As shown in Table 1, in Examples 1 to 4, since the storage elastic modulus of the resin layer was 37,000 to 160,000 Pa at 70 ° C., good results were obtained in the evaluation of followability and the evaluation of dust intrusion. Further, in Examples 1 to 4, since the melt flow rate of the resin layer was 2.0 to 70 g / 10 min, good results were obtained in the evaluation of TTV. Further, in Examples 3 and 4, since the molecular weight distribution of the resin layer was 1.8 to 2.4, excellent results were obtained in the evaluation of cut burrs and the evaluation of edge cracks.

On the other hand, in Comparative Example 1, since the storage elastic modulus of the resin layer is 220,000 Pa, which exceeds the 200,000 Pa specified in claim 1, the tape for electronic components cannot follow the semiconductor wafer when grinding the semiconductor wafer, and evaluation of dust intrusion is performed. The result was inferior. In Comparative Example 2, since the melt flow rate of the resin layer is 8 g / 10 min, which is less than 10 g / 10 min specified in claim 1, when the tape for electronic components follows the unevenness of the surface of the semiconductor wafer, the tape for electronic components Due to the unevenness on the surface of the TTV, the result was inferior in the evaluation of TTV. In addition, due to the unevenness of the surface, a suction error occurred on the alignment table of the grinder and automatic machining was not possible, so machining was performed by manual transfer. In Comparative Example 3, since the storage elasticity of the resin layer is 330000 Pa, which greatly exceeds the 200,000 Pa specified in claim 1, the tape for electronic components cannot follow the semiconductor wafer and floats from the semiconductor wafer before grinding. As a result, the evaluation of the followability was remarkably inferior, and there was a possibility that the wafer would be damaged or the grinder would be damaged if it was processed.

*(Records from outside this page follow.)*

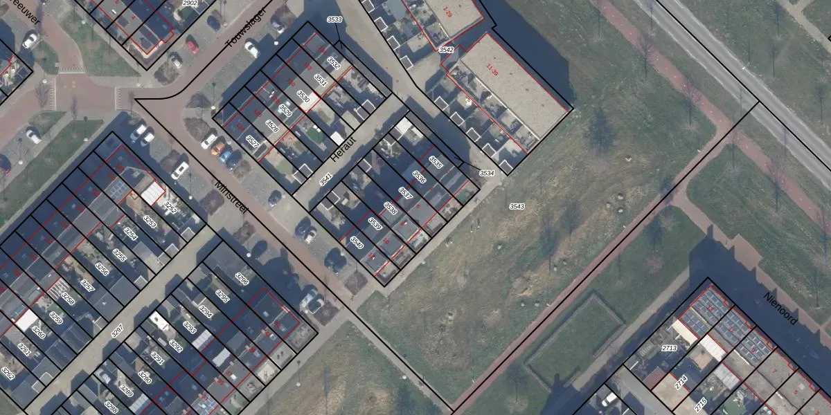 Het perceel waarop Heraut 6 staat heeft een oppervlakte van 137 m². Dit is een middelgroot perceel. De perceeloppervlakte wordt geregistreerd door het Kadaster. Gedetailleerde informatie over de maten van dit perceel kunt u vinden in het rapport Kadastrale kaart met maatvoering van Heraut 6.
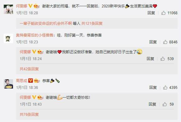 何雯娜在社交平台写道,“2020.01.01,平安顺产,欢迎我们的小公主,爸爸妈妈爱你喔。”
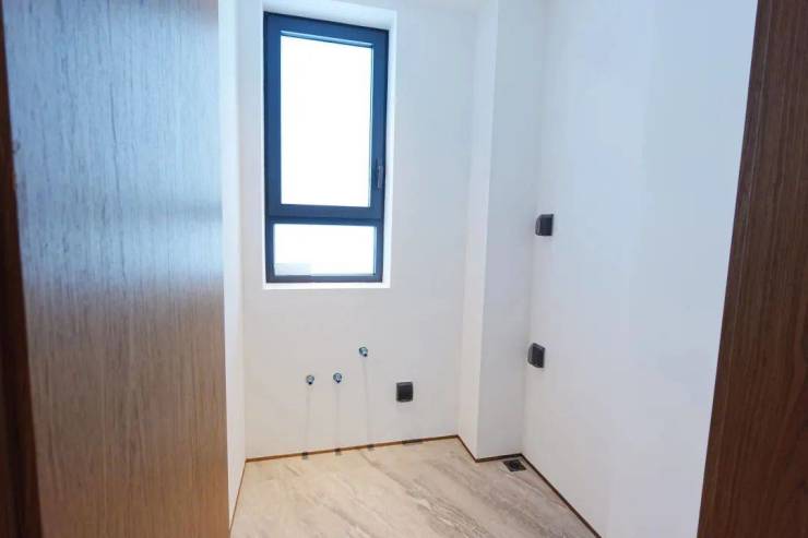 厨房部分,大得不像是107㎡该有尺寸,据说窗口下方位置是飘窗,借一部分空间,因此整体操作空间大大增加,喜欢用小家电的业主,也有更多布置空间了。

Therefore, the subsequent processing was not performed.

1: Tape for electronic parts 2: Base film 3: Resin layer 4: Adhesive layer 5: Release film 6: Semiconductor wafer 61: Concavo-convex 7: Grinding machine

Claims

It has at least one resin layer and
The resin layer is a tape for electronic components having a storage elastic modulus of 10,000 to 200,000 Pa at any temperature of 60 ° C to 80 ° C and a melt flow rate of 10 to 200 g / 10 min.
The tape for electronic components according to claim 1, wherein the resin layer has a molecular weight distribution Mw / Mn of 1.0 to 3.0.

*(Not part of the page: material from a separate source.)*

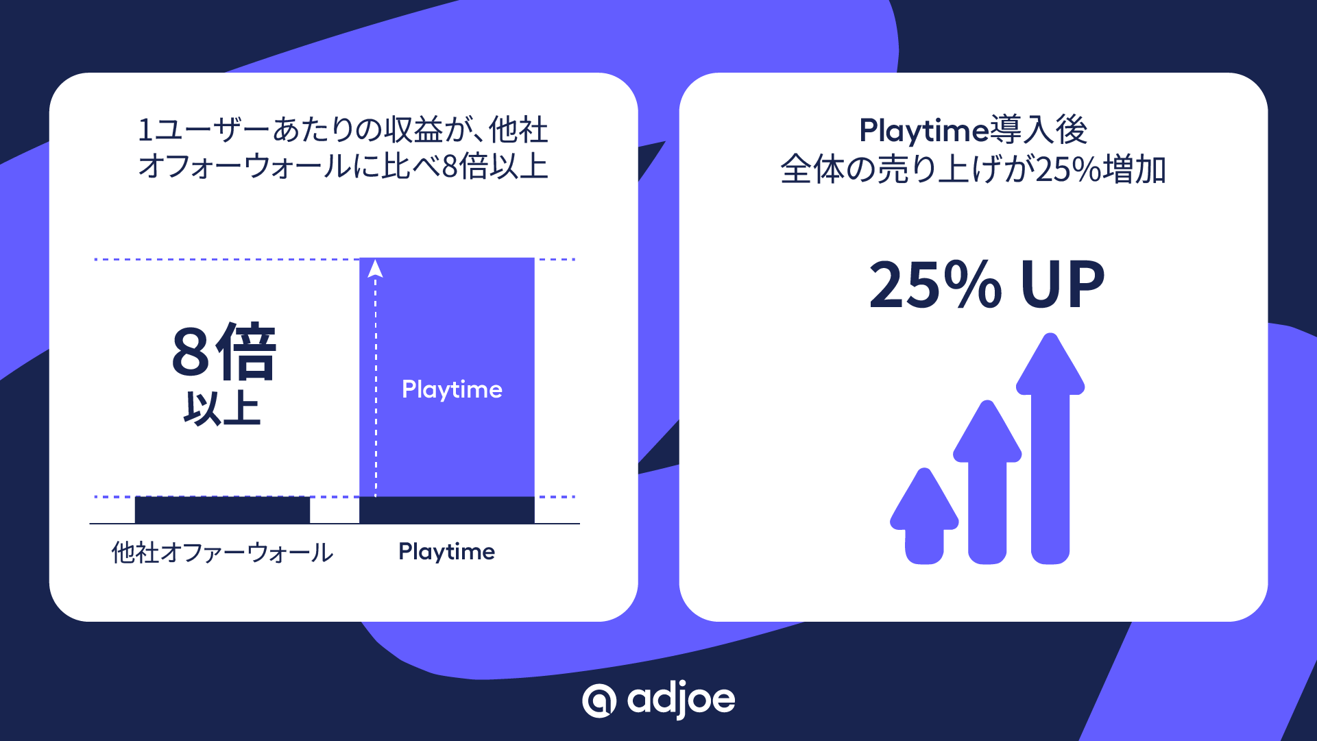 導入直後の全体売上は、実装前と比較して25%増加。その後、還元率アップ施策やマーケティングを強化し、ARPDAU(Playtimeに訪れたユーザー1人あたりの1日平均収益)は27%増、ゲームインストール率は38%増に繋がりました。また、先に利用していた他社のオファーウォールと比較して、PlaytimeのARPDAUは約8.6倍という高い収益効率を達成しました。

The tape for electronic components according to claim 1 or 2, wherein the tape is bonded to a circuit forming surface of a semiconductor wafer provided with a step of 10 μm or more at a temperature of 50 to 100 ° C.
The tape for electronic components according to claim 3, wherein after being bonded to the semiconductor wafer, it is cut according to the size of the semiconductor wafer.

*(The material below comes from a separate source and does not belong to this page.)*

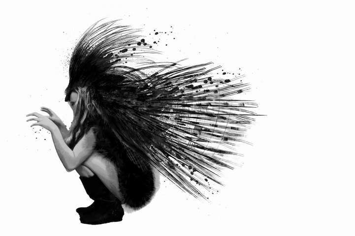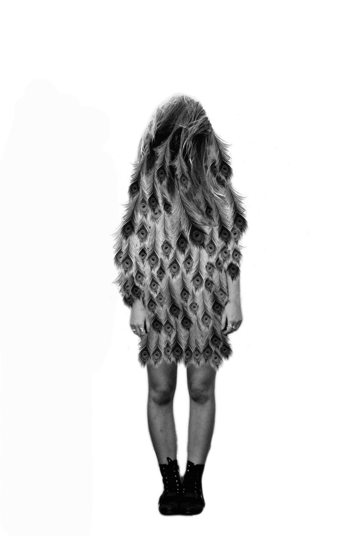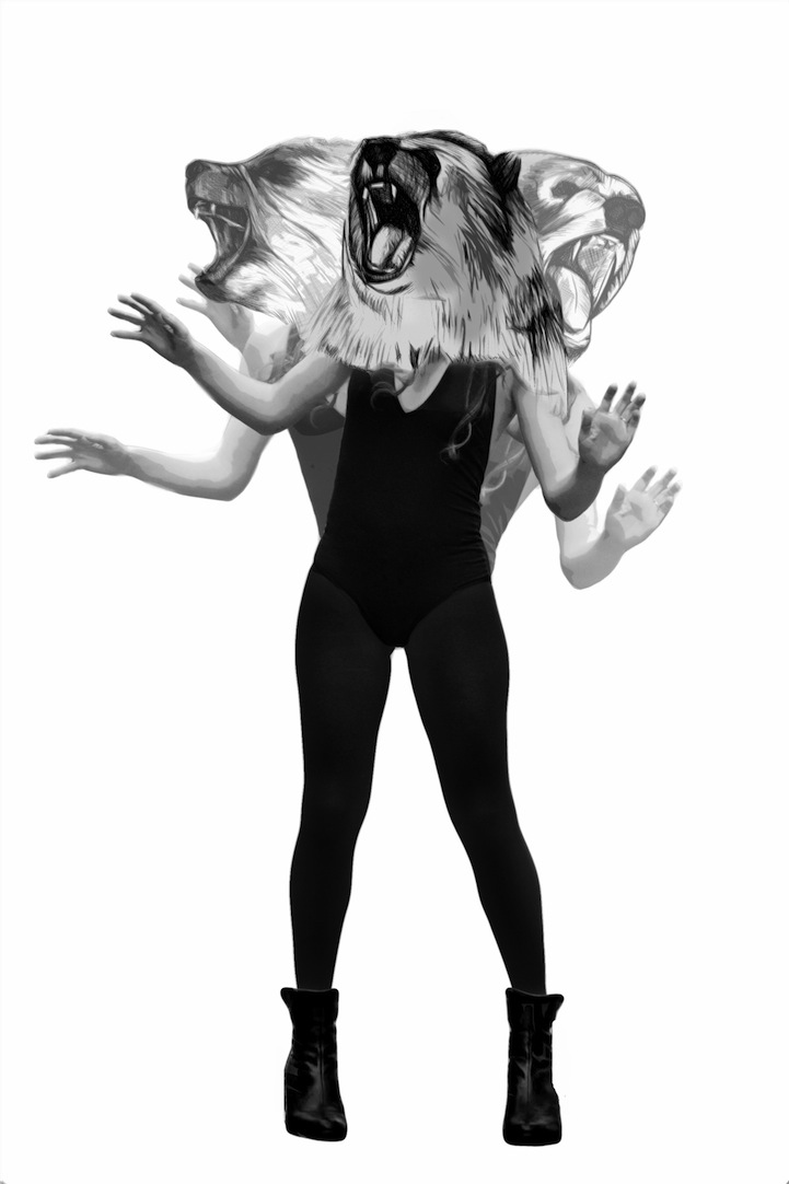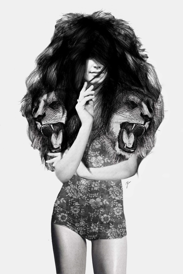 Each image is a mixed media product, created from a combination of photography and pencil drawings. The artist says her work blurs the line between classical and modern modes of creation and often features “themes of femininity, raw animal nature, and surreal fashion.” The monochromatic mix of lines and texture creates a lively, unexpected portrait where soft flowers and elegant females are juxtaposed against the shocking presence of the untamed beasts.

A bonding step in which the tape for electronic components according to claim 1 or 2 is bonded to a circuit forming surface of a semiconductor wafer provided with a step of 10 μm or more at a temperature of 50 to 100 ° C.
A method for processing an electronic component, which comprises, after the bonding step, a grinding step of grinding a surface of the semiconductor wafer opposite to the circuit forming surface.
After the bonding step, there is a cutting step of cutting the tape for electronic components according to the size of the semiconductor wafer.
The method for processing an electronic component according to claim 5, wherein the grinding step is performed after the cutting step.